- **Your goal**: Copy each line below exactly as it appears. Pictures are to be omitted.
++++ Data extract
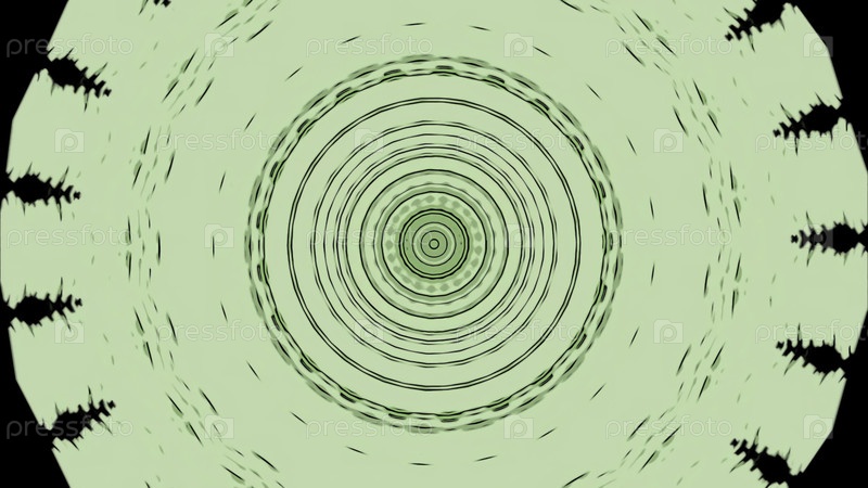 Пульсирующий круглый рисунок со светящимися кольцами. Дизайн. Ритмические пульсации круглого рисунка на черном фоне. Круги с кольцами пульсируют в музыкальном ритме
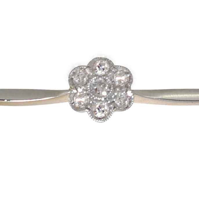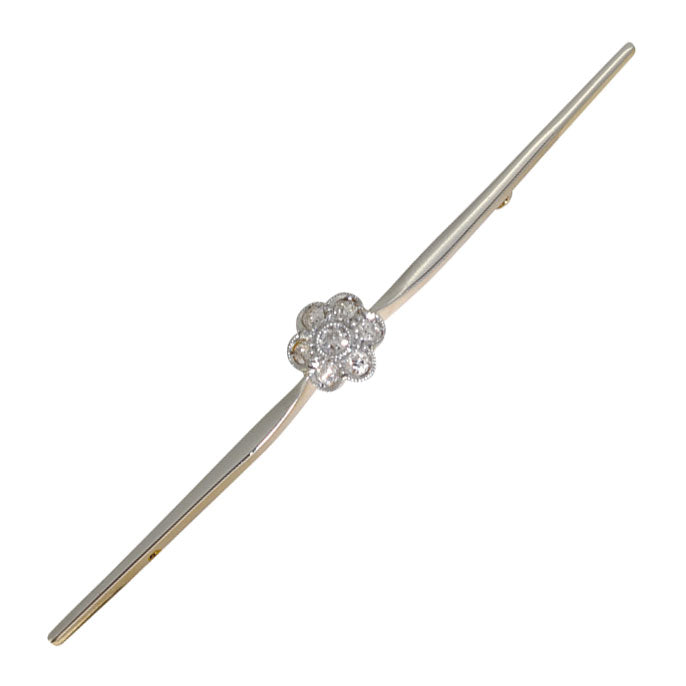 Diamond bar brooch, a plain bar with a cluster of seven diamonds to the centre arranged in a daisy shape. Tested as 18ct yellow and white gold, with a safety catch. Circa 1920s.
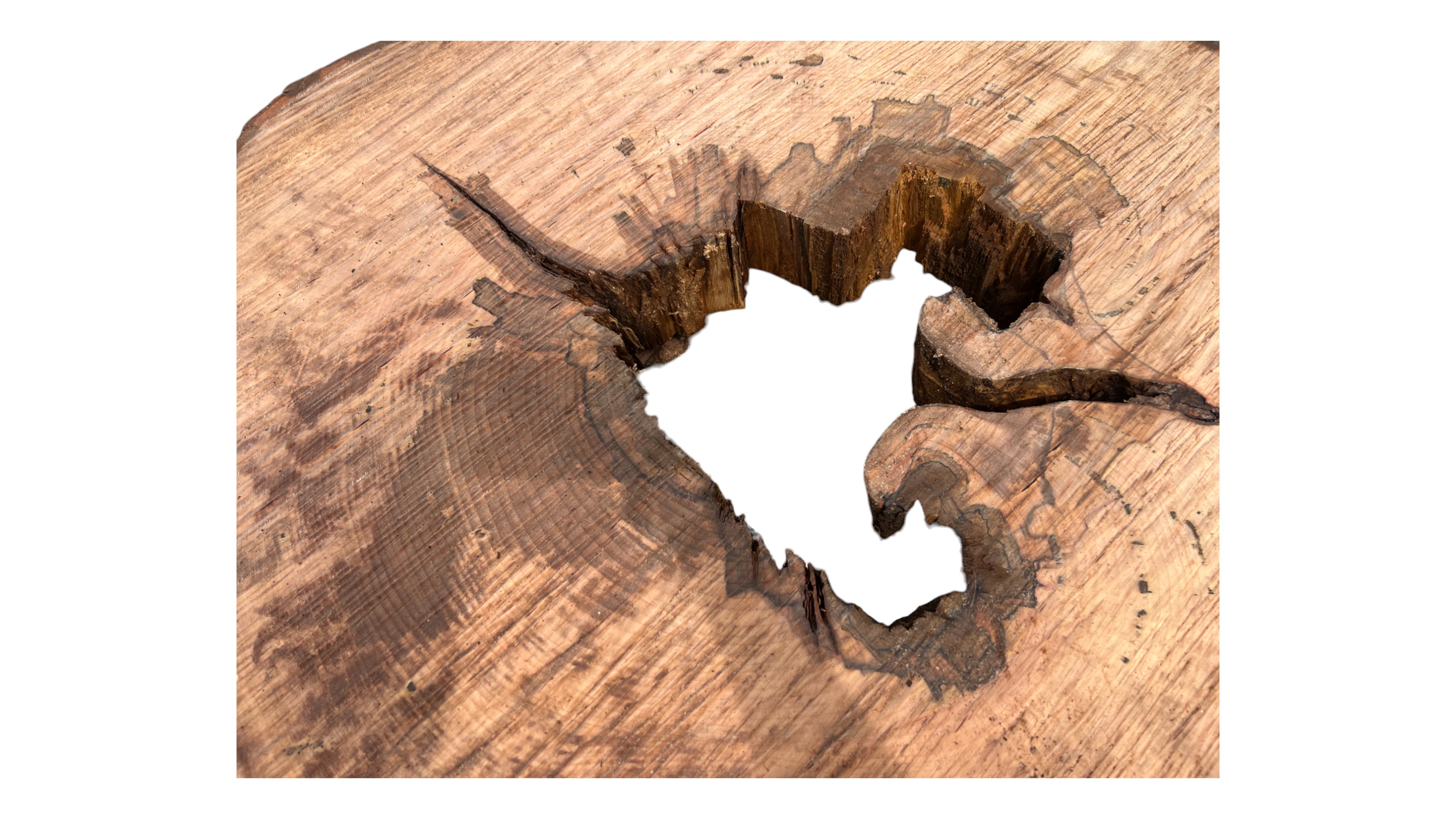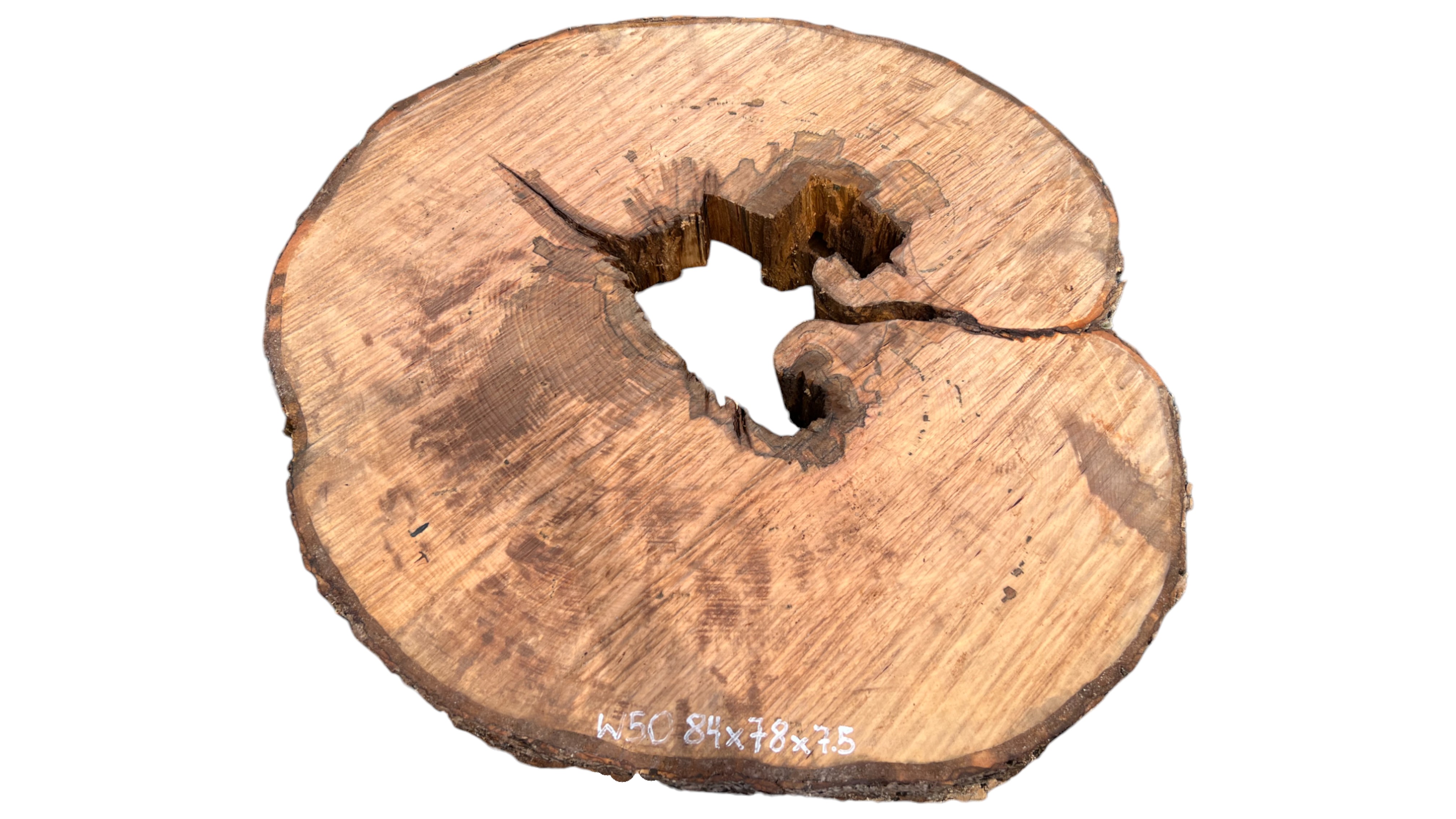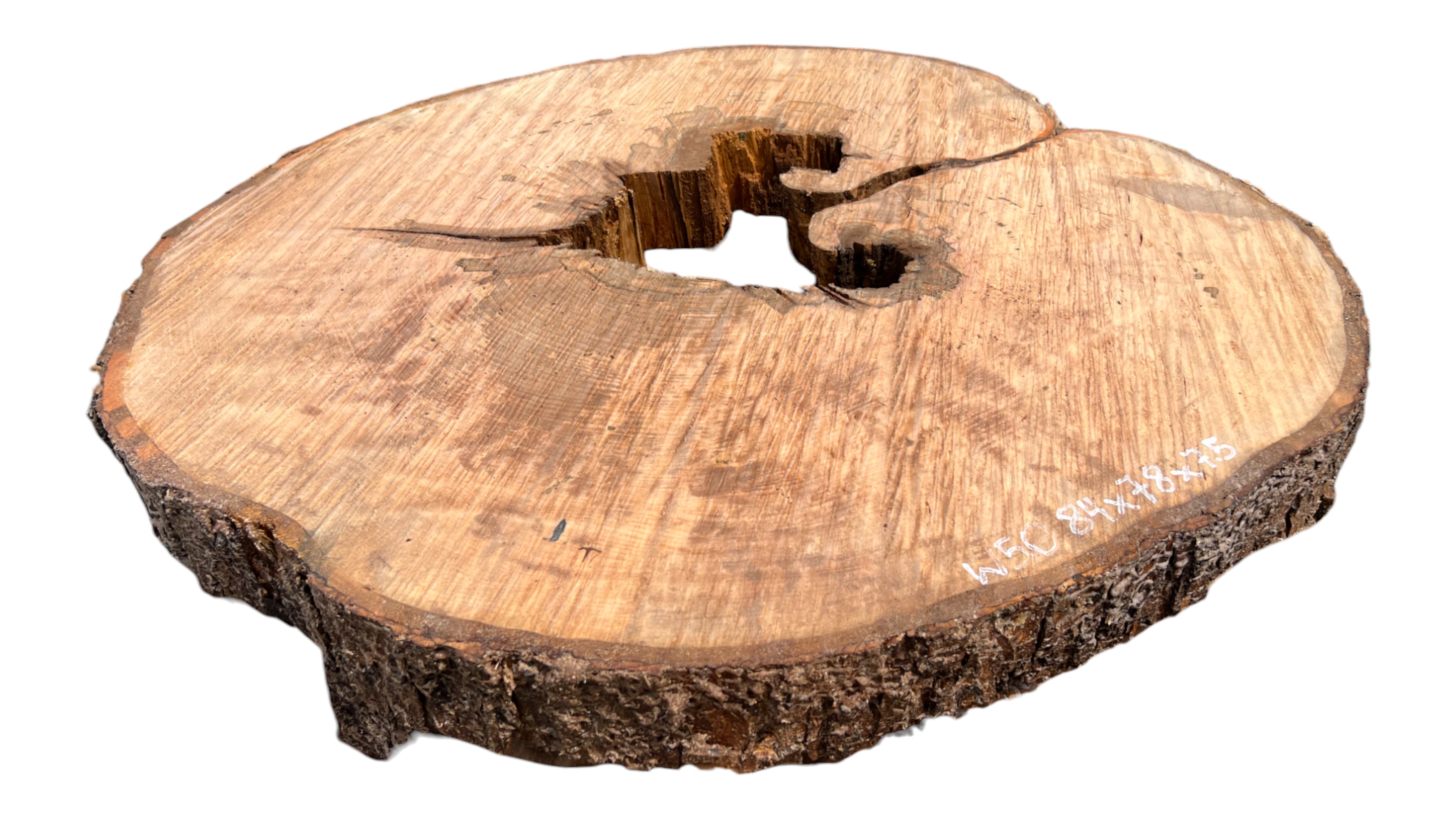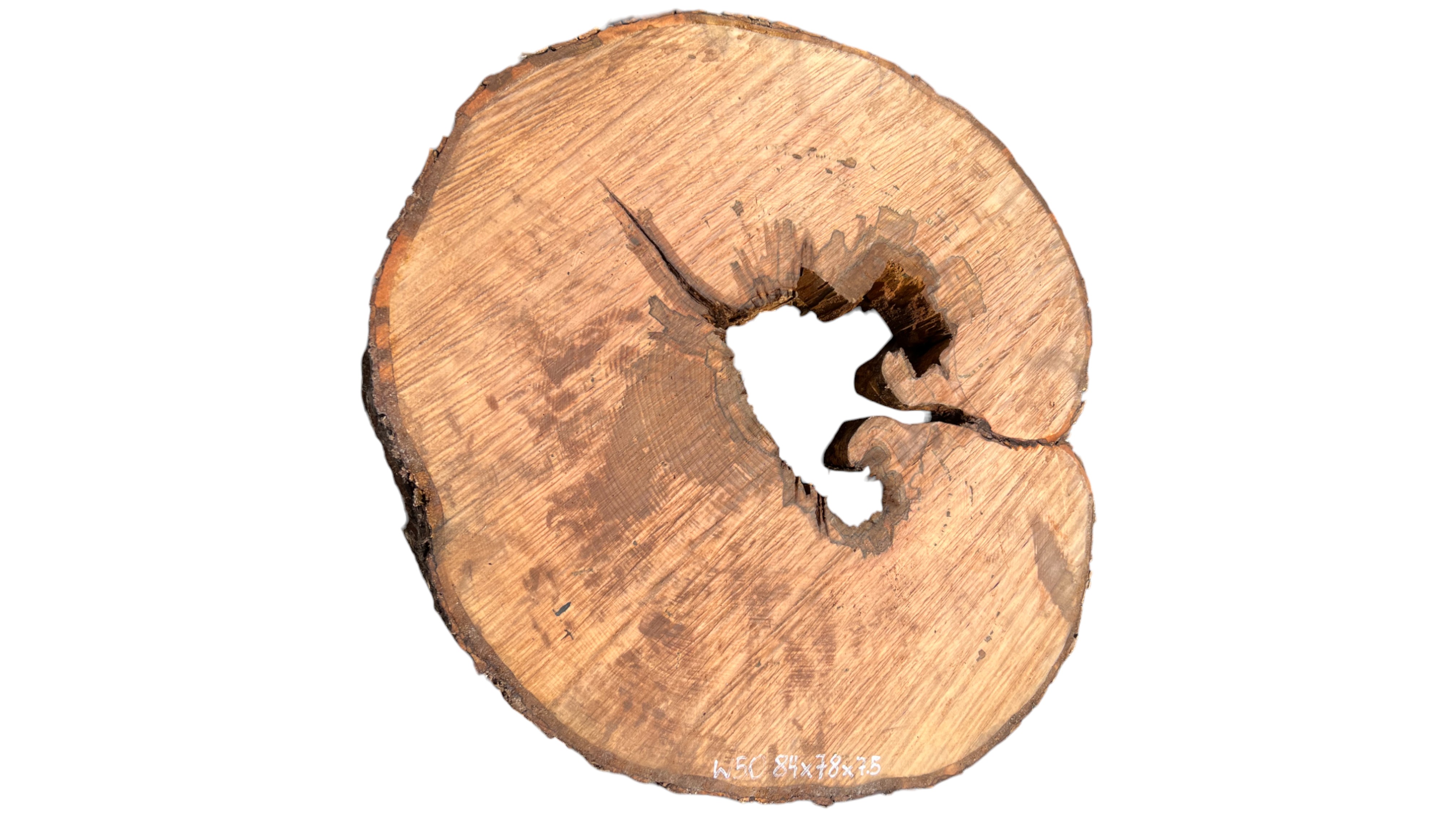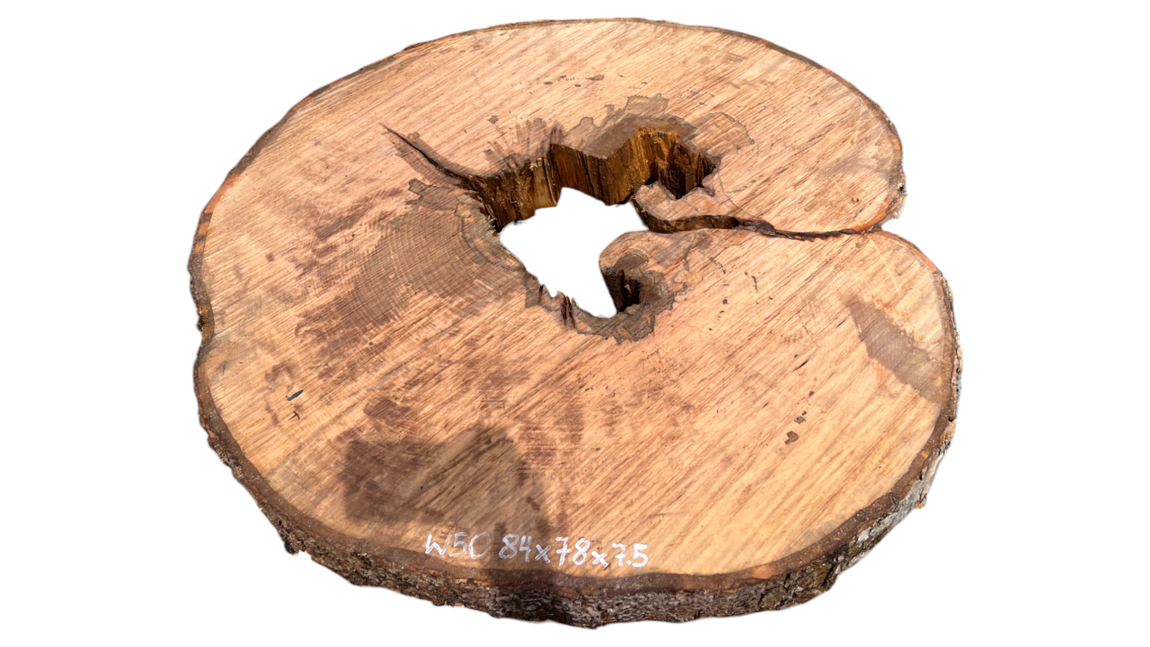 Zdjęcia robimy od razu po przecięciu, żeby jak najlepiej pokazać w jaki sposób można wyprowadzić plaster i podkreślić jego strukturę. W procesie suszenia naturalną rzeczą są pęknięcia materiału powstałe w skutek oddawania wilgoci oraz powierzchowna zmiana barwy. Zdjęcie nr 2 w galerii przedstawia stan plastra z kwietnia 2025 – wtedy została zmierzona podana wilgotność.
++++++++
- **Answer box**:
 Пульсирующий круглый рисунок со светящимися кольцами. Дизайн. Ритмические пульсации круглого рисунка на черном фоне. Круги с кольцами пульсируют в музыкальном ритме
 Diamond bar brooch, a plain bar with a cluster of seven diamonds to the centre arranged in a daisy shape. Tested as 18ct yellow and white gold, with a safety catch. Circa 1920s.
 Zdjęcia robimy od razu po przecięciu, żeby jak najlepiej pokazać w jaki sposób można wyprowadzić plaster i podkreślić jego strukturę. W procesie suszenia naturalną rzeczą są pęknięcia materiału powstałe w skutek oddawania wilgoci oraz powierzchowna zmiana barwy. Zdjęcie nr 2 w galerii przedstawia stan plastra z kwietnia 2025 – wtedy została zmierzona podana wilgotność.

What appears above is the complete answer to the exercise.